Even if the function of the system is understood, it may still prove impossible to explore all the possible faults that a 100-nm circuit can exhibit. Designers are reporting that they can only come up with test strategies once they have detailed information from process engineers about the nature and probability of faults for a particular design in a given process. Factor in the faults related to subwavelength techniques, and test strategy may become dependent on a particular mask s et.
But even the best information from system architects and process engineers is approximate. The only reliable data about the kinds of failures an SoC actually exhibits comes from analysis of field failures. That requires finding failures in the field, saving the failed modules, getting them back to recover the SoC and submitting the chip to failure analysis.

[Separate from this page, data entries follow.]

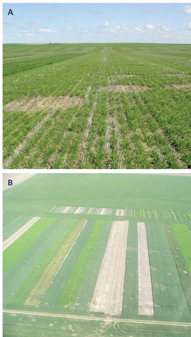
Figure 1. Bare patches caused by Rhizoctonia solani AG-8 in a long-term no-till cropping systems experiment near Ritzville, WA. (a) Spring barley (left) and spring wheat (right) during the juvenile growth period in early May 2003. (b) Aerial overview of one replicate of the large-scale experiment in early July 2006, at which point Rhizoctonia bare patch was in decline.

with spring barley (Figure 2). Additionally, the 18 year average grain yield for spring wheat in rotation with spring barley was significantly greater than for continuous spring wheat. Russian thistle ( Salsola tragus ), a troublesome broadleaf weed with a fast-growing taproot, was the only plant that grew within the patches (Figure 3). This is the first direct evidence of natural suppression of Rhizoctonia bare patch with long-term no-till cropping in North America. This suppression also developed in a rotation that contained broadleaf crops (yellow mustard and safflower) in all but five years of the study, and the suppression was maintained when safflower was added back to the rotation.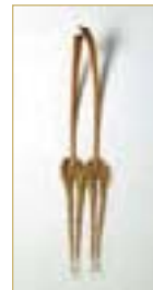
16. Hossein Valamanesh "Twins"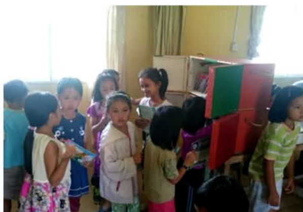
Children enjoying the Reading Bus Program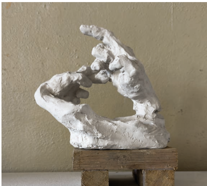
ŽIVOTNÍ BOJ LIFE STRUGGLE 19 X 20 X 12 CM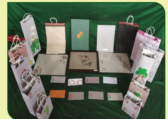
handmade paper products

Programme Vision : To make a difference in the lives of Persons with Disability (PWDs), Women and the Community Organizational Vision : To extend services as a Resource Agency in the District. Mission : To create a conducive environment and empower Persons with Disability, women and their families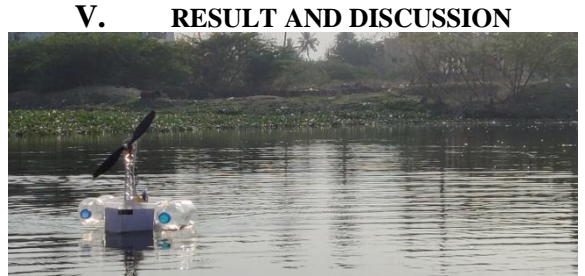
Figure 2: Autonomous Boat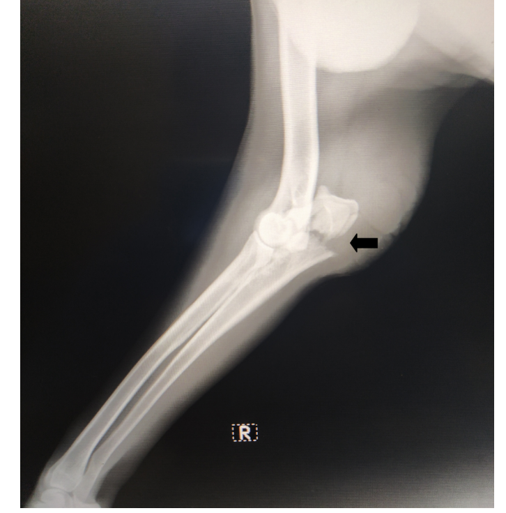
Figure 2: Preoperative mediolateral radiograph of right elbow revealed transverse fracture of olecranon (arrow).

The patient was fasted about 6 hours prior to surgery. Shaving was performed on surgical area and prepared the patient aseptically by using 7.5% providone iodine and 70% isopropyl alcohol. Xylazine hydrochloride was administered intramuscularly at the dose rate 1.0 mg/kg body weight as a pre-anesthetic agent. The patient was kept in left lateral recumbancy on operative table and normal saline (0.9% NaCl) was infused intravenously at the rate of 10ml/kg/hour. Ketamine hydrochloride was considered as general anaesthetic injecting intravenously at the dose rate 8.0 mg/kg body weight.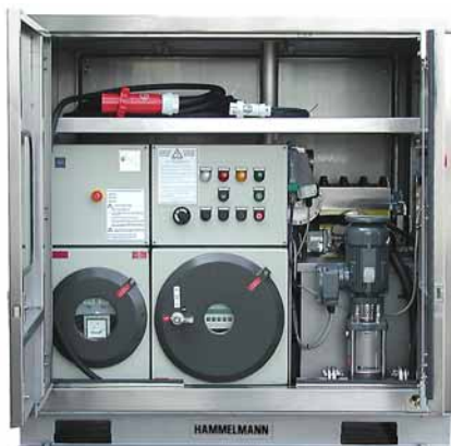
Ex-proof Zone 1 control cabinet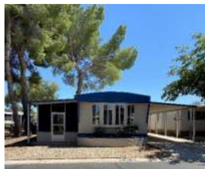
Lot 104 2 Bed/1 Bath $27,500.00

3411 South Camino Seco ▪ Tucson, AZ 85730 Office: 520-885-5251 ▪ Facsimile: 520-885-2355 www.rinconcountrymobilehomepark.com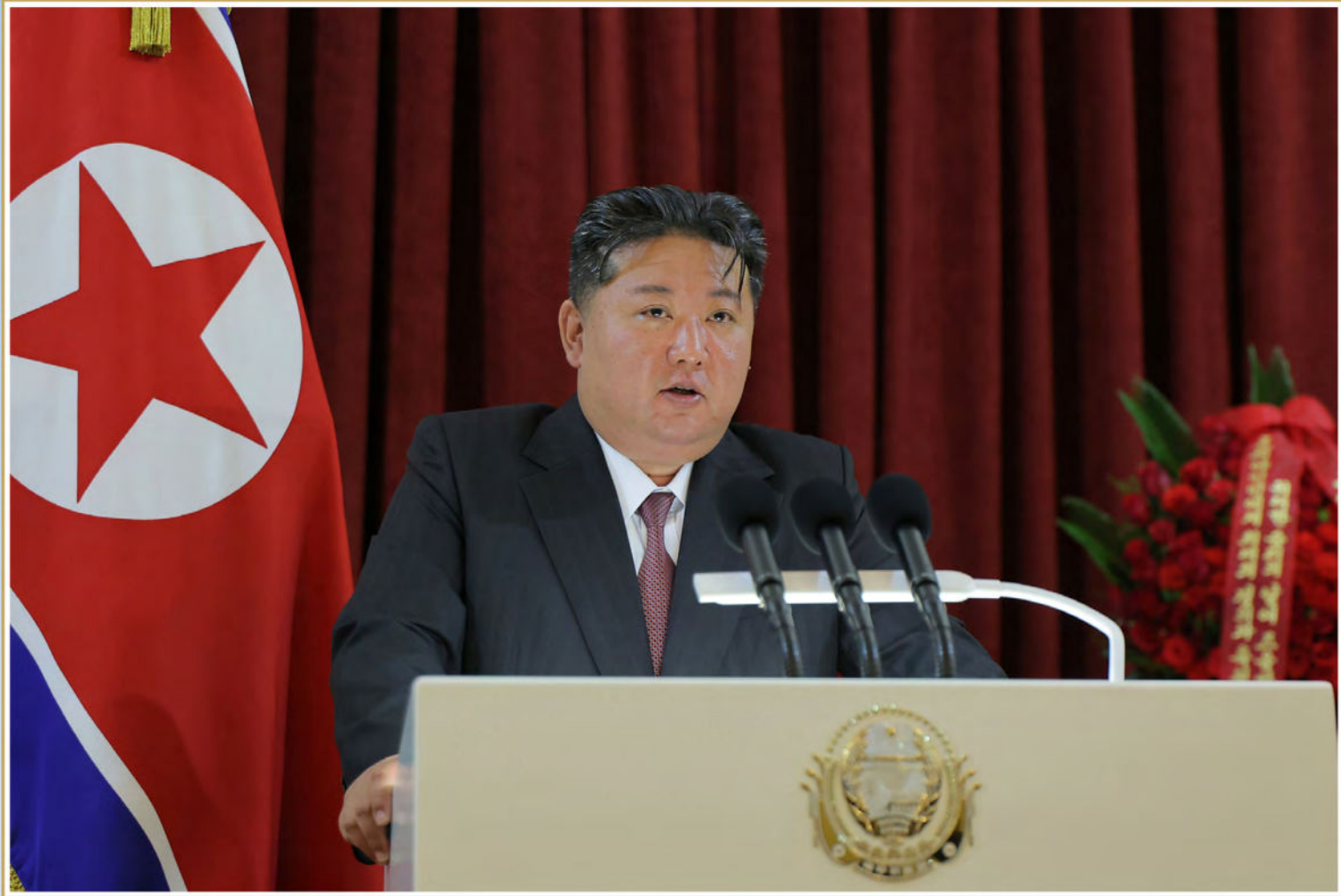
The respected Comrade Kim Jong Un made a congratulatory speech. He expressed his impression of having an opportunity to personally convey the tender feeling and intention of the Korean people to the Russian people on the occasion of Russia's great V-day. And on behalf of the Party and government, armed forces of the Republic and all the Korean people, he extended warm congratulations to the president of the Russian Federation, the leadership of Russia, the courageous Russian army, all the Russian people, war veterans and others who performed meritorious wartime service.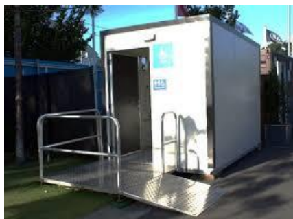
New Accessible Toilet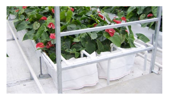
Cultivation in a W-gutter system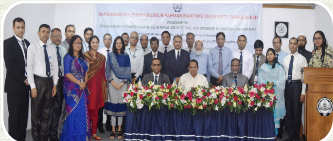
Chief Guest and Special Guest with Faculty Members and Other Officers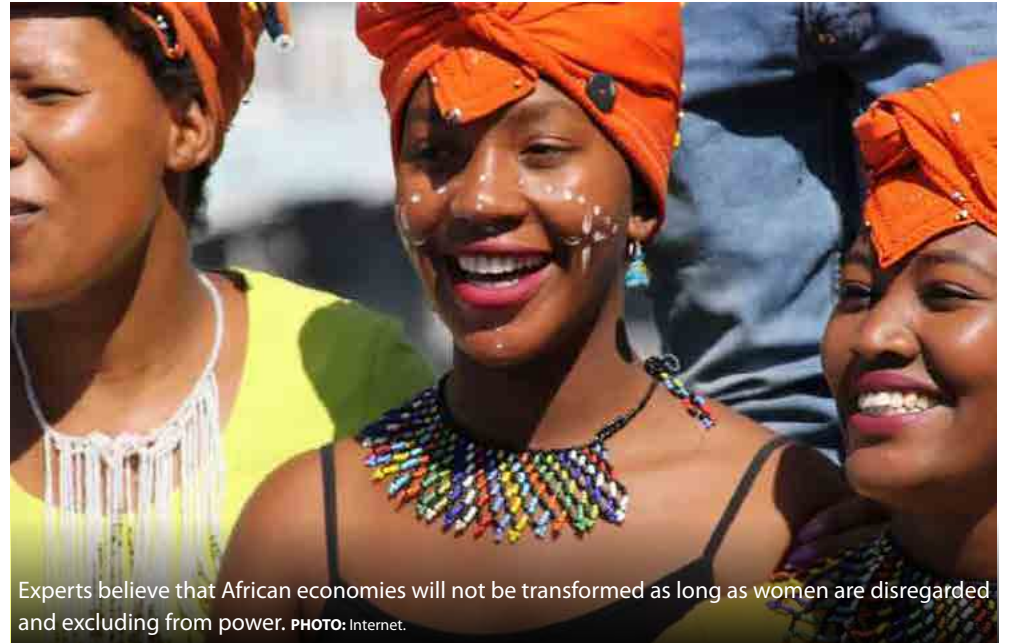
Experts believe that African economies will not be transformed as long as women are disregarded and excluded from power.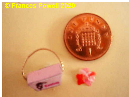
1:12 th scale confetti box shown above

Additional requirements: scissors, craft knife, paper glue, thin card (such as cereal box), tapestry or darning needle, thin cord or ribbon.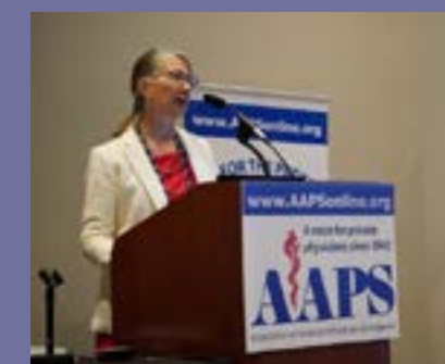
Explaining the New Framework at AAPS conference of physicians in MO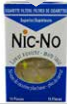
NIC NO CIGARETTE FILTERS (15 pcs) 36 in box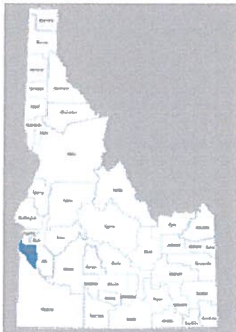
Canyon County Idaho

Performance Report July 1, 2018 – June 30, 2019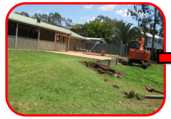
Day 1 (AM) Mark Out & Cut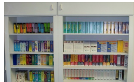
Video and Audio Tapes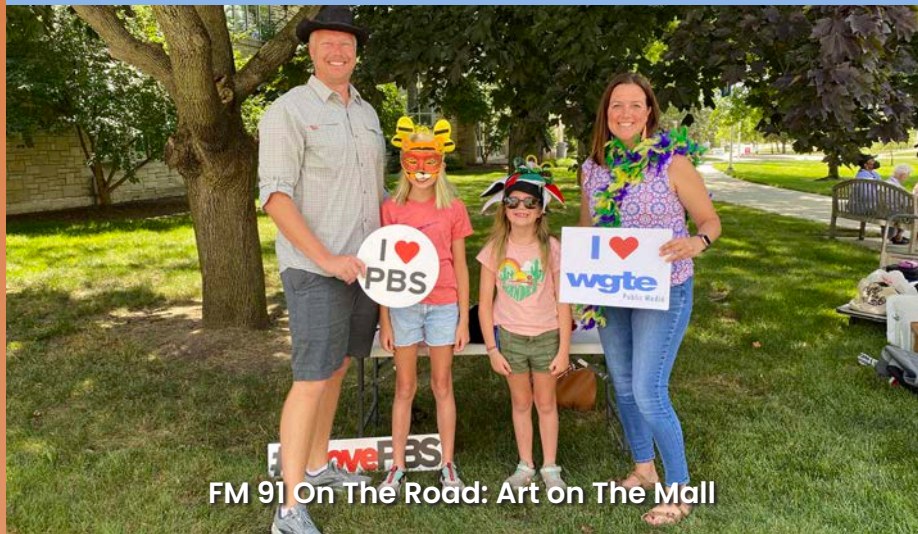
FM 91 On The Road: Art on The Mall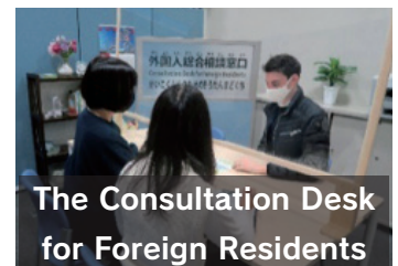
The Consultation Desk for Foreign Residents

At a vertically integrated OEM, where system design, chip design, field service and failure analysis all report to one executive, this can be possible, although it is rarely practiced. In today's disaggregated environment, in which these organizations are likely to be distributed among different companies, the problems are sobering.
Example in automotive
One significant exception is the close partnerships that automobile manufacturers form with their suppliers. "One of our greatest assets in test is that we have automotive customers," said Christine King, president and chief executive officer of AMI Semiconductor. "With most customers, a chip fails in the field and somebody throws the whole module away. You never get to see it. With the auto industry, you get every failure back. And the customer is very supportive of your interest in finding the failure.
"Because of these customers, we have come a long way toward understanding the failure modes that actually occur in our chips," King said. "We have refined our failure analysis to the point that we are now using focused-ion-beam systems, voltage contrast analysis and other laboratory techniques to find out what is going on electrically inside failed chips. And that information goes right back into test strategy."
King's experience is seconded by other ASIC executives. And it is predictive of the only evident solution to the test crisis. Test strategy and, hence, DFT insertion and even chip architecture will be influenced by a gigantic iterative loop that begins with capturing failed systems in the field, performing failure analysis on the systems-on-chip an d modifying the chip and the test strategy as necessary to minimize and detect the failure mode.
Particularly for fabless chip companies, that will require an unprecedented level of cooperation across a number of corporate boundaries, and between organizations that rarely speak to each other. But it may be the only way forward.